Okay, so today I had a show. It was a local Hunter Trial and I rode Frazier. These were our placings:

Green Hunter 2': 1st
Open Hunter 2': 4th
Junior Hunter 2': 3rd
Novice Junior Hunter: 5th

We qualified for the Master's Class but he had already bucked through three courses so we were done. And I would've done the Benefit Hack with him if someone had told me it was in the arena...

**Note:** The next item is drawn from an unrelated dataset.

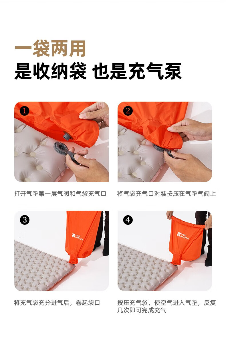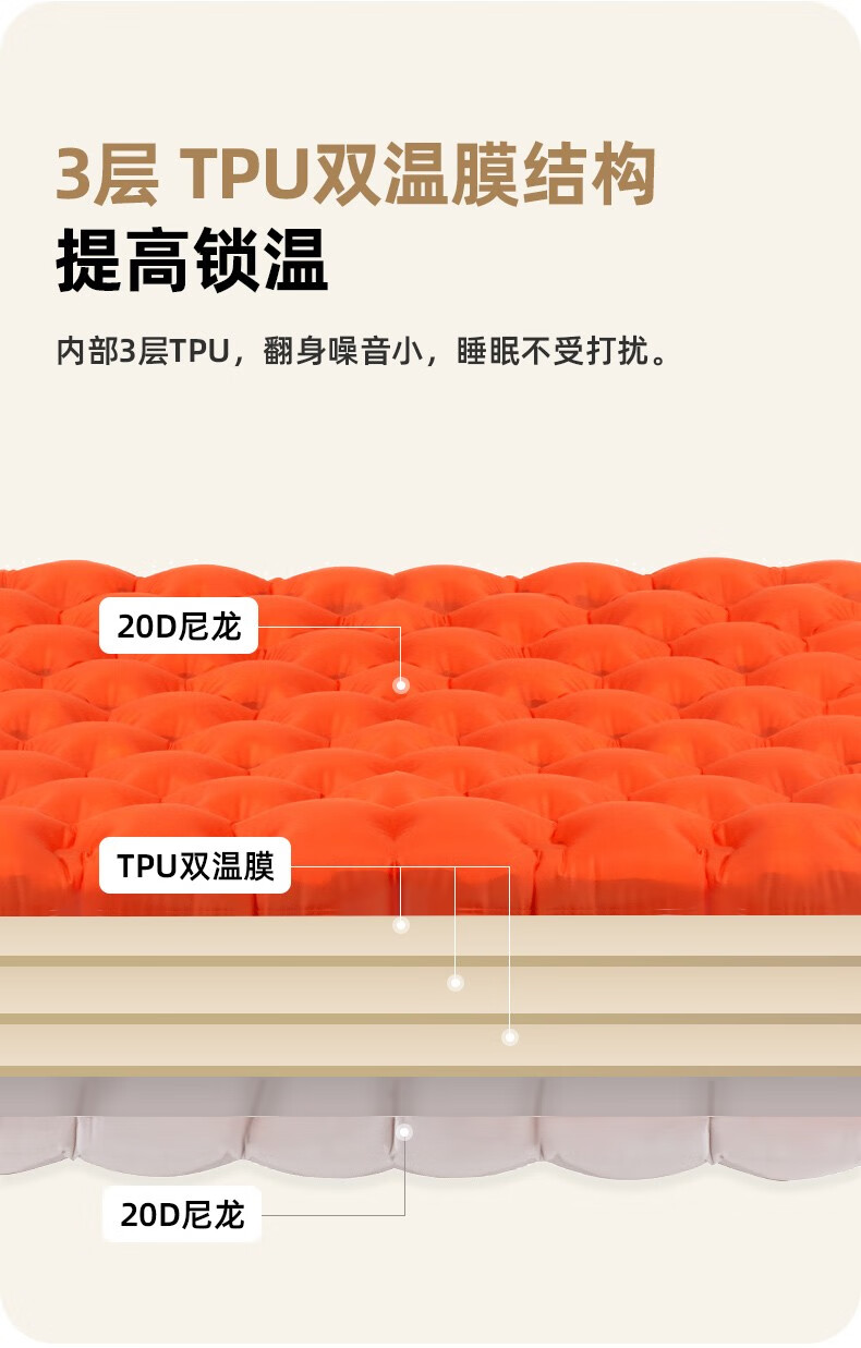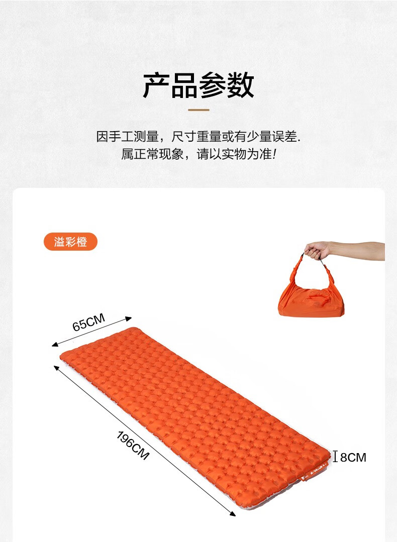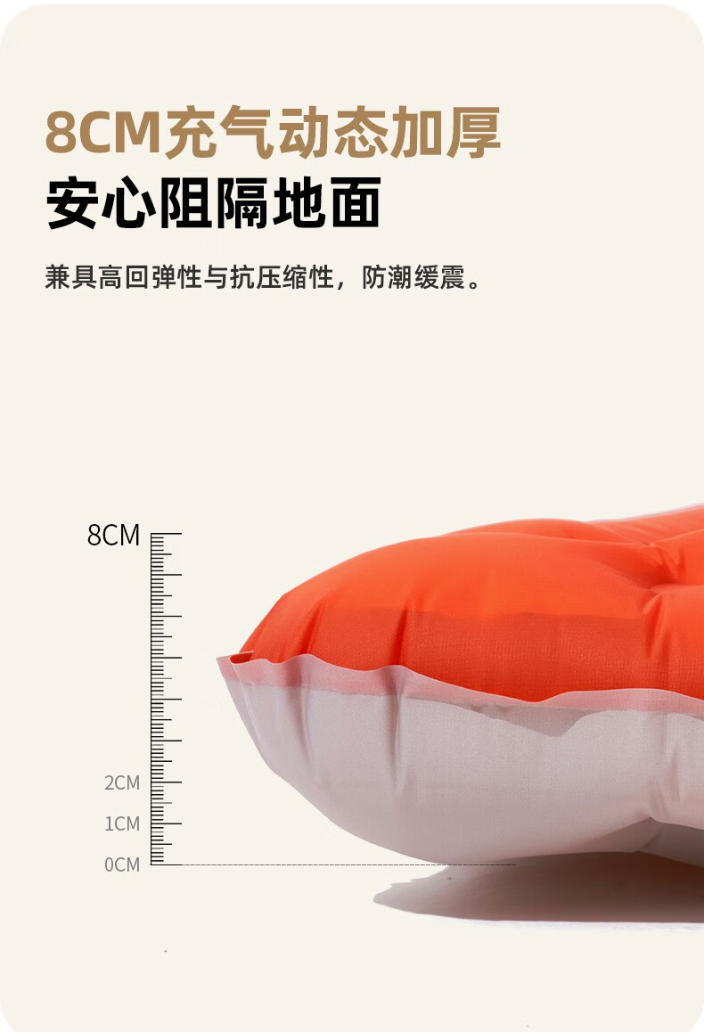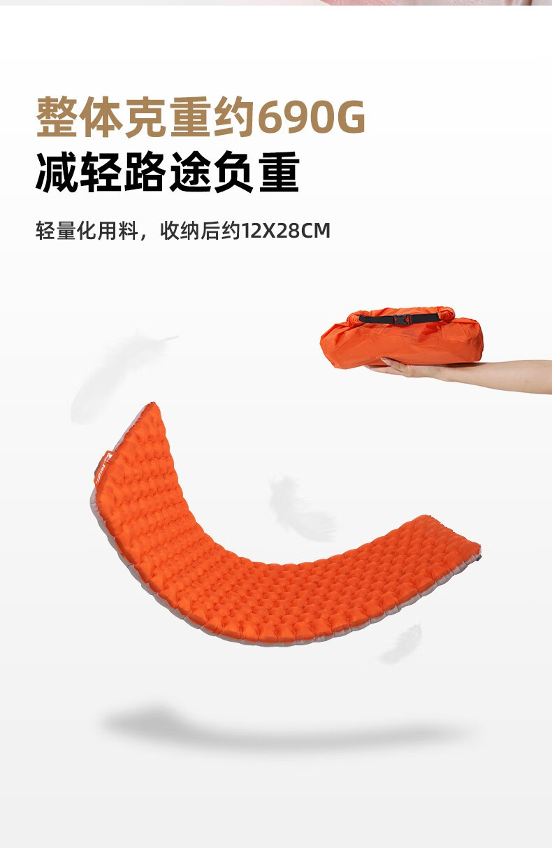 牧高笛超轻充气垫充气睡垫 户外露营加厚双层充气阀TPU单人超轻防潮垫 【7R值】溢彩橙/配充气袋

This weeked, I'm doing a Combined Training event with a mare I ride named Terminator (I consider her my own). It will be her first English event. She was trained Western and has had one English lesson (we decided to take out a jump and spin like crazy because we thought it was going to eat us...) We'll be doing the W/T Dressage test and the 18" course. She has jumped 21" but she's solid at 18". I might try to do a seperate W/T/C Dressage test since he has been phenomenal with her leads lately.

Anywho, now to you.

1) How many shows do you go to on average over an entire year? You can split this into rated shows, Hunter Trials, jumper shows, paper chases, judged trail rides, fun shows, Dressage events (sorry I have no idea) and rodeos.
2) What's the highest amount of shows you've ever done in a 3 day period? 3 day eventing does not count =D They could be with the same horse or a seperate horse. I don't care. I just want to know.


----------